#### Exercise
In the records below, begin at the line that has "for telos.haus, matsuura" and stop after the line that has "Stars架子鼓谱,你将能够轻松地敲打出这首Foo Fighters的February Stars,快来尝试吧。"; quote those lines verbatim and nothing more.

#### Supplied records
▽
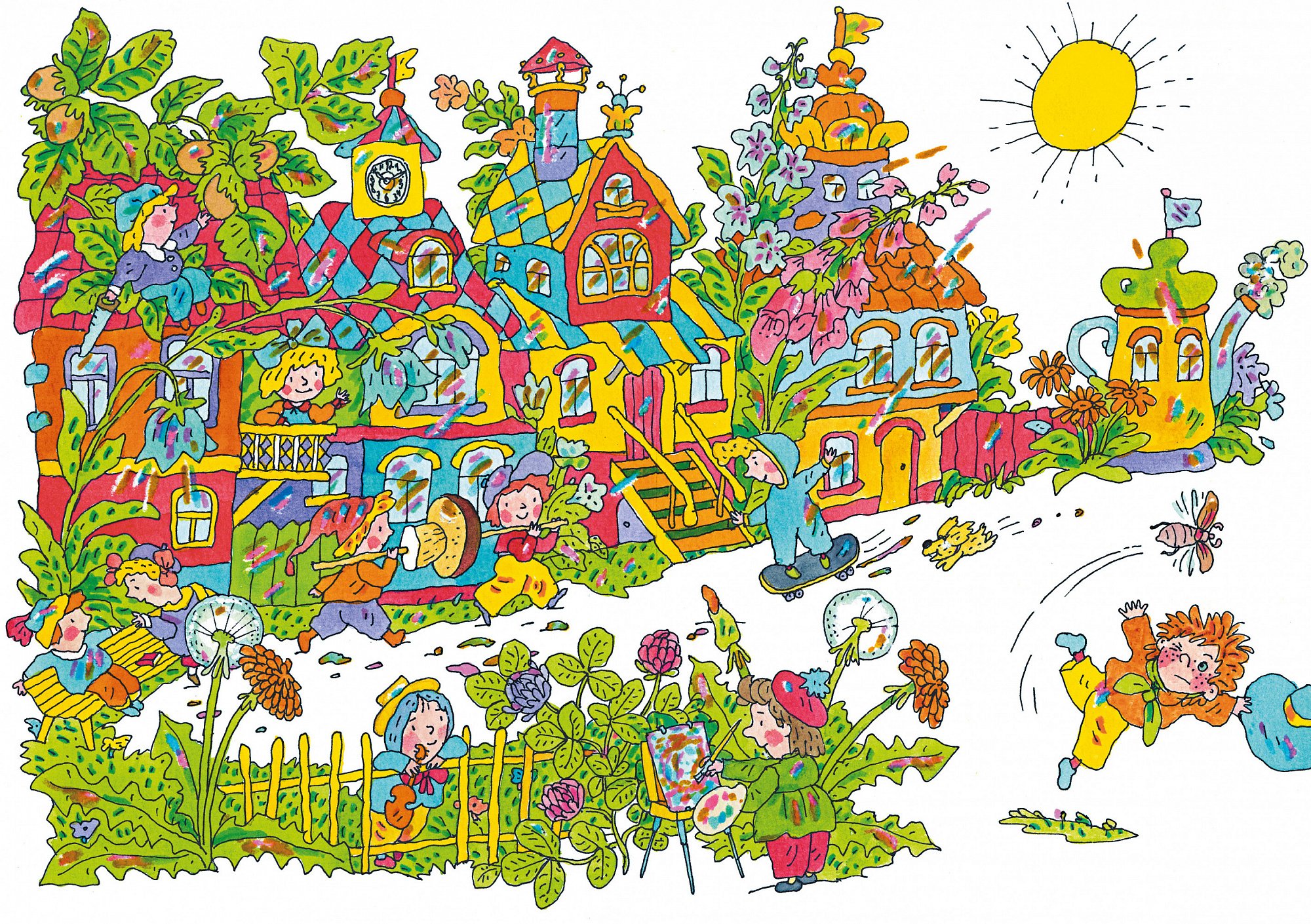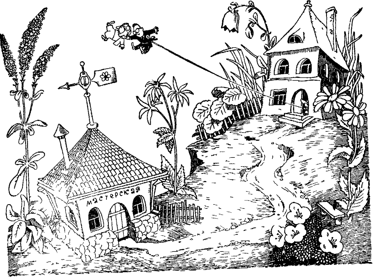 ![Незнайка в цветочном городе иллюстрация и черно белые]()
△
▽
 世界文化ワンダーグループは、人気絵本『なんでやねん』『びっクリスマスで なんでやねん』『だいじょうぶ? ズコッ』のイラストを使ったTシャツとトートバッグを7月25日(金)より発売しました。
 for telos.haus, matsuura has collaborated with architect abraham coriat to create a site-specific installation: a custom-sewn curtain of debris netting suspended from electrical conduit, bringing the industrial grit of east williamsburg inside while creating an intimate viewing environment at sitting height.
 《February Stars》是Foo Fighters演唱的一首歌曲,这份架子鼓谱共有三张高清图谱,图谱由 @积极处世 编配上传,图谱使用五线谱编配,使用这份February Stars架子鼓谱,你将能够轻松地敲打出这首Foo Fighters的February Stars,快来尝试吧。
△
▽
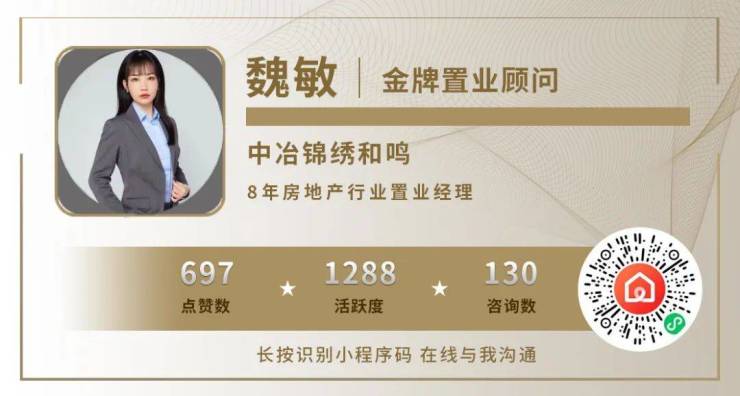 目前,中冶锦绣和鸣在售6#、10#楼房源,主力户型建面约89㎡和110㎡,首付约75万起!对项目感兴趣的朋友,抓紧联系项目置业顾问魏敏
△
#### Finished task
 for telos.haus, matsuura has collaborated with architect abraham coriat to create a site-specific installation: a custom-sewn curtain of debris netting suspended from electrical conduit, bringing the industrial grit of east williamsburg inside while creating an intimate viewing environment at sitting height.
 《February Stars》是Foo Fighters演唱的一首歌曲,这份架子鼓谱共有三张高清图谱,图谱由 @积极处世 编配上传,图谱使用五线谱编配,使用这份February Stars架子鼓谱,你将能够轻松地敲打出这首Foo Fighters的February Stars,快来尝试吧。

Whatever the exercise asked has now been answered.